The beacon technology is similar to Near-field Communication (NFC) technology. However, the difference lies in the range. While NFC functions within 8 inches, beacons can work within a range of 70 meters.

The State of Beacon Market
Beacons have become the first choice for many companies when it comes to Real-Time Location System (RTLS) solutions. According to Grandview Research, the global Bluetooth beacon market is expected to reach $58.7 billion by 2025, growing at a CAGR of 95.3% between 2017 and 2025. Similarly, Allied Market Research reports that the global beacon market would reach $14.839 billion by 2024, growing at a CAGR of 61.5% between 2018 and 2024. GM Insights reports that the market value of beacons was $170 million in 2016. This value is expected to grow at a CAGR of 80% between 2017 and 2024. The retail industry is the largest market for beacons followed by the health sector.

Source: https://www.statista.com/statistics/827293/world-beacons-technology-market-revenue-by-end-user/

Analyst firm Statista reports that the global beacon market was valued at $519.6 million in 2016. This value is expected to reach $56.6 billion by 2026, growing at a CAGR of 59.8% between 2016 and 2026.

The Technology behind Beacons
Beacons perform a single task. They just send a radio signal at pre-defined intervals. BLE-enabled devices such as smartphones receive these signals and act accordingly. Each beacon is assigned with a unique identifier. So, the device transmits this unique identifier which enables the receiver to identify the location of the beacon as well as the location of the user.

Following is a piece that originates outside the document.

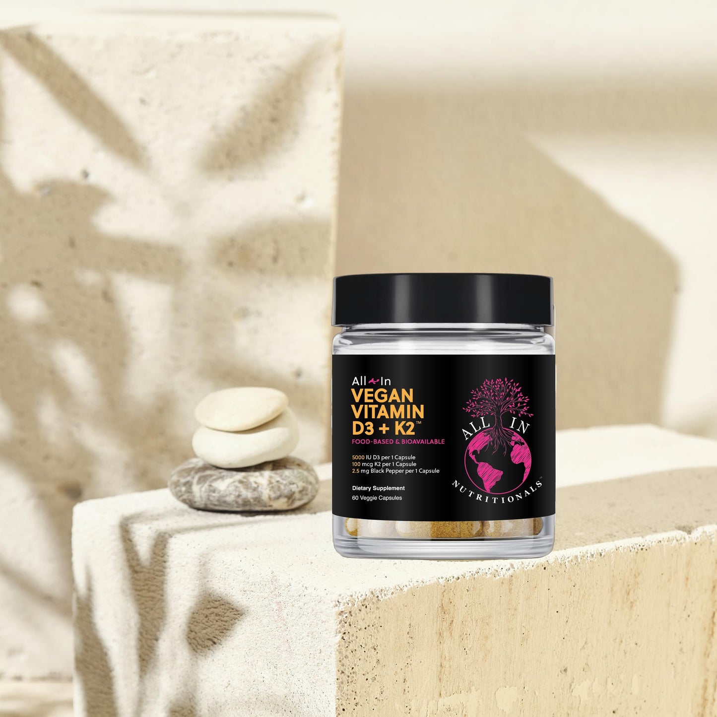 All In Nutritionals Vitamina D3 5000 IU y K2 Vegana 60 Cápsulas

A beacon contains a small ARM (Advanced RISC machines) computer, Bluetooth connectivity module and a small battery. This small CPU runs the firmware written in low-level programming that controls the behaviour of the beacon. As the beacon’s job is to transmit its identifier, the small CPU power and battery is more than sufficient to process this data or encrypt the identifier. Inside the beacon you will find a small antenna that transmits electromagnetic waves. It uses the Bluetooth protocol. The latest Bluetooth standard is 4.2. The normal frequency of the beacon radio waves is 2.4 GHz and the maximum data limit for the 4.2 standard is 257 bytes. With such small amount of payload, beacons transmit the UUID, major, minor and the signal power. The receiving devices calculate the proximity of the beacon based on the transmitted signal power.

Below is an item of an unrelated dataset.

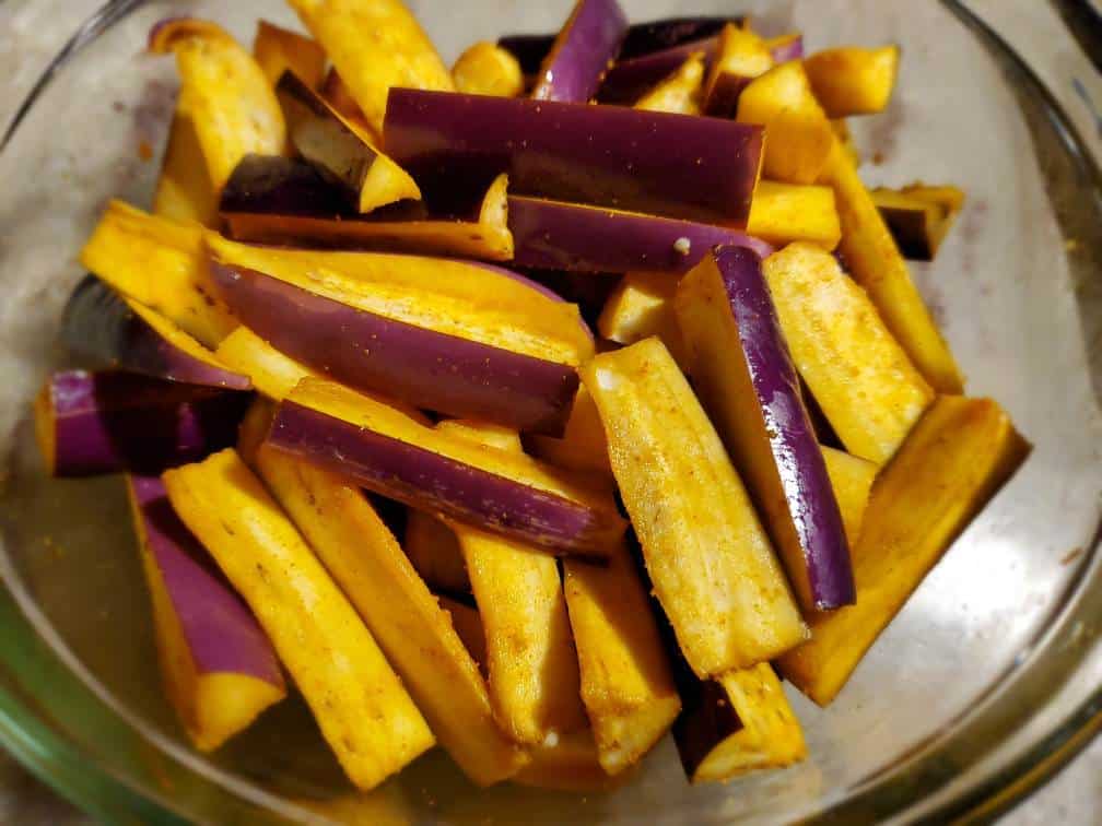 Mix in your turmeric powder and oil with eggplant pieces. Each and every piece has to be coated with oil. If you’re deep-frying, no need to mix oil, just mix your turmeric. (more info about deep frying in the recipe description above)

Beacon transmits the following components
Universally Unique Identifier (UUID): It is the unique identifier that differentiates your beacons from other devices outside your network.
Major Value: It is the unsigned integer value that tells you about the group in which the beacon is placed. For instance, beacons installed in the 1st floor will have the same major value. The value can be anything between 1 and 65535.
Minor Value: It is the unsigned integer that differentiates a beacon from a group. The value falls between 1 and 65535.

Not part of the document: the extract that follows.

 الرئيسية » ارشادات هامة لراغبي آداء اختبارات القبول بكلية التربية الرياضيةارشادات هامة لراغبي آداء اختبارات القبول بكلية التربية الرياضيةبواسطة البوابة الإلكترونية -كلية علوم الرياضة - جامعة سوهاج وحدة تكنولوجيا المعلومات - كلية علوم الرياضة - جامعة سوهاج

Here is an example of a UUID:
f626db6-3ga2-4e98-8013-bc5b71f0983c

When you talk about a beacon, you think about a physical device. However, some smartphones can act as a transmitter as well as a receiver. For instance, Apple doesn’t offer any physical beacon. It has incorporated the beacon technology into iOS 7 operating system. With more than 200 million iOS 7 devices in the market, Apple already has a considerable amount of beacons in the market.

How are beacons useful?
Beacons don’t relay any important message. They simply relay their IDs. It is the job of the receiver device to apply this information into a useful solution. For instance, a retail mall installs beacons inside the mall. When a customer visits the store and browses the electronic section of the mall, the beacon installed at that place will transmit its ID. The app in the smartphone of the customer will receive the ID and identifies the location of the customer. In this case, the app identifies that the customer is at the electronics section. So, the app will send discounts and offers related to the electronic products of that mall. Moreover, these offers would be specific and customized for that customer.

Asset tracking with Beacons
Asset tracking and management is a key requirement for any industry. Beacons can significantly reduce the cost and complexity of this job. There are multiple ways to track assets using beacons. For instance, you can mount BLE receivers in a permanent fixture and tag assets to beacons. When an asset comes into proximity of a BLE-enabled receiver, it tracks the movement via mobile data or Wi-Fi and logs the data. You can either take action or store the information for management and analytics purposes. Using beacons, you can cost-effectively track thousands of assets in real-time, 24/7.

There are instances wherein you cannot mount BLE receivers in permanent fixtures in temporary locations such as conference halls or function halls. In such cases, you can fix beacons in different places and track assets using a mobile app. By tagging assets to beacons, you can track each asset from the mobile app. Implementation is easy as there is no need for wiring or costly installation.

For more accuracy and maximum coverage, you can augment the beacon setup with additional receivers. You can install fixed beacons and fixed BLE receivers and augment them with moving beacons and moving BLE receivers. This setup can be extremely useful in low-signal areas such as ICUs of a hospital or a high-security airport check points. In areas such as large construction sites, environments quickly change. As such, you need a dynamic beacon architecture. In such cases, you can complement beacons with GPS and Wi-Fi. Depending on your environment, business type and requirement, you can choose the right deployment beacon technology.

Asset tracking with beacons is quickly gaining traction. Reports show that beacons have significantly reduced operational costs of asset management tasks. According to a Proximity Directory report, a total of 15,176,500 proximity sensors were installed globally in Q2, 2017. And, asset tracking with beacons is saving billions of dollars for the $9.1 billion logistics industry. Similarly, the health industry can save hundreds and thousands of dollars with an ROI of 275% by using asset tracking with beacons.

The advantages of beacons are enormous. Using beacons, you can track every item in the warehouse, track vehicles within the infrastructure, track equipment and machinery in a healthcare location, track luggage trolleys in airports, railway stations etc. In addition, you can track people/employees by giving them BLE-enabled devices.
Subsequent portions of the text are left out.